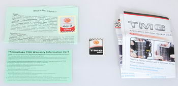 Pour faire simple, il n’y a pas véritablement de bundle avec le TMG i1. Thermaltake a pré-appliqué de la pâte thermique sur la base de son ventirad, résultat le bundle se résume à la notice d’installation, un carton de garantie et une publicité Thermaltake, le tout avec deux autocollants.
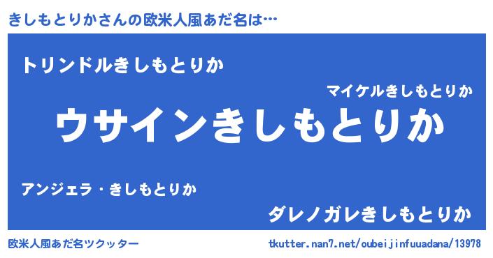 | 男性向けラノベタイトル風あだ名 | 『ダンジョンにきしもとりかを求めるのは間違っているだろうか』 |
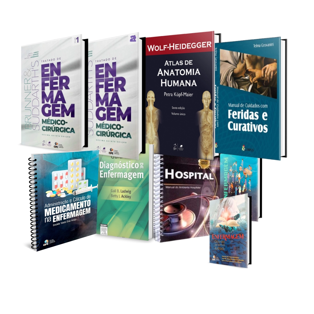 O Kit é composto pelos seguintes livros: Tratado de Enfermagem Médico Cirúrgica - BRUNNER & SUDDARTH, Administração e Cálculos de Medicamentos na Enfermagem; Black Book - Hospital, Atlas de Anatomia Humana - Wolf; Manual de Cuidados com Feridas e Curativos; Enfermagem – Procedimentos de Estágio; Enfermagem – Dicionário de Termos Ilustrado; Diagnósticos de Enfermagem - Formas de Pagamento: => Boleto em 10x sem juros, com a Primeira parcela para 60 dias => Cartão: Parcelado em 10x sem juros => Avista - 10% de Desconto - Prazo de Entrega: 15 Dias Úteis Importante: Após finalizar a compra você será direcionado para nosso whatsapp onde será realizado um atendimento personalizado para então finalizarmos a venda!
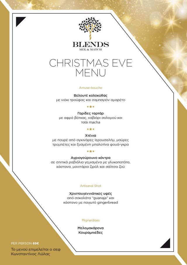Αν επιλέξεις να περάσεις το Χριστουγεννιάτικο ρεβεγιόν στο Blends, θα έχεις τη μοναδική ευκαιρία να γευτείς τα ευφάνταστα πιάτα και τους εξαιρετικούς συνδυασμούς γεύσεων που έχει δημιουργήσει ο σεφ Κωσταντίνος Λώλας, συνοδευόμενα από μια πλούσια λίστα κρασιών που ικανοποιεί ακόμα και τους πιο απαιτητικούς ουρανίσκους. Παράλληλα, το Blends παραμένοντας πιστό στη φιλοσοφία του, εξασφάλισε για τους καλεσμένους της βραδιάς ένα πολύ ξεχωριστό live performance. Ο De Baron, κατά κόσμο Γιάννης Σκουλάς, θα πλαισιώσει μοναδικά τις δυο αυτές γιορτινές ημέρες ερμηνεύοντας ένα πρόγραμμα με διασκευές αγαπημένων μελωδιών, συνδυασμένο μοναδικά στον ατμοσφαιρικό χώρο του Blends. Από την soul στην opera και από την pop jazz στο cabaret του 2000, ο De Baron υπόσχεται να απογειώσει την εορταστική διάθεση. Μαζί του μια εξαίρετη ομάδα μουσικών, οι “Electro Quartet” που απαρτίζεται από τους: Χρήστος Θεοδώρου – πιάνο -ενορχηστρώσεις, Αγγελική Ποτήρη – βιολί, Πέτρος Κρεμυζάκης – μπάσο και Ρόλη Γιαμοπούλου – τύμπανα. Τις βραδιές θα ντύσει με εικόνα, (live projection) ο σκηνοθέτης Λεωνίδας Κεχαγιάς.

Your instructions — Return exactly the lines above, from the one with "男性向けラノベタイトル風あだ名 | 『ダンジョンにきしもとりかを求めるのは間違っているだろうか』 |" up to and including the one with "O Kit é composto", and include no pictures.

Result —
 | 男性向けラノベタイトル風あだ名 | 『ダンジョンにきしもとりかを求めるのは間違っているだろうか』 |
 O Kit é composto pelos seguintes livros: Tratado de Enfermagem Médico Cirúrgica - BRUNNER & SUDDARTH, Administração e Cálculos de Medicamentos na Enfermagem; Black Book - Hospital, Atlas de Anatomia Humana - Wolf; Manual de Cuidados com Feridas e Curativos; Enfermagem – Procedimentos de Estágio; Enfermagem – Dicionário de Termos Ilustrado; Diagnósticos de Enfermagem - Formas de Pagamento: => Boleto em 10x sem juros, com a Primeira parcela para 60 dias => Cartão: Parcelado em 10x sem juros => Avista - 10% de Desconto - Prazo de Entrega: 15 Dias Úteis Importante: Após finalizar a compra você será direcionado para nosso whatsapp onde será realizado um atendimento personalizado para então finalizarmos a venda!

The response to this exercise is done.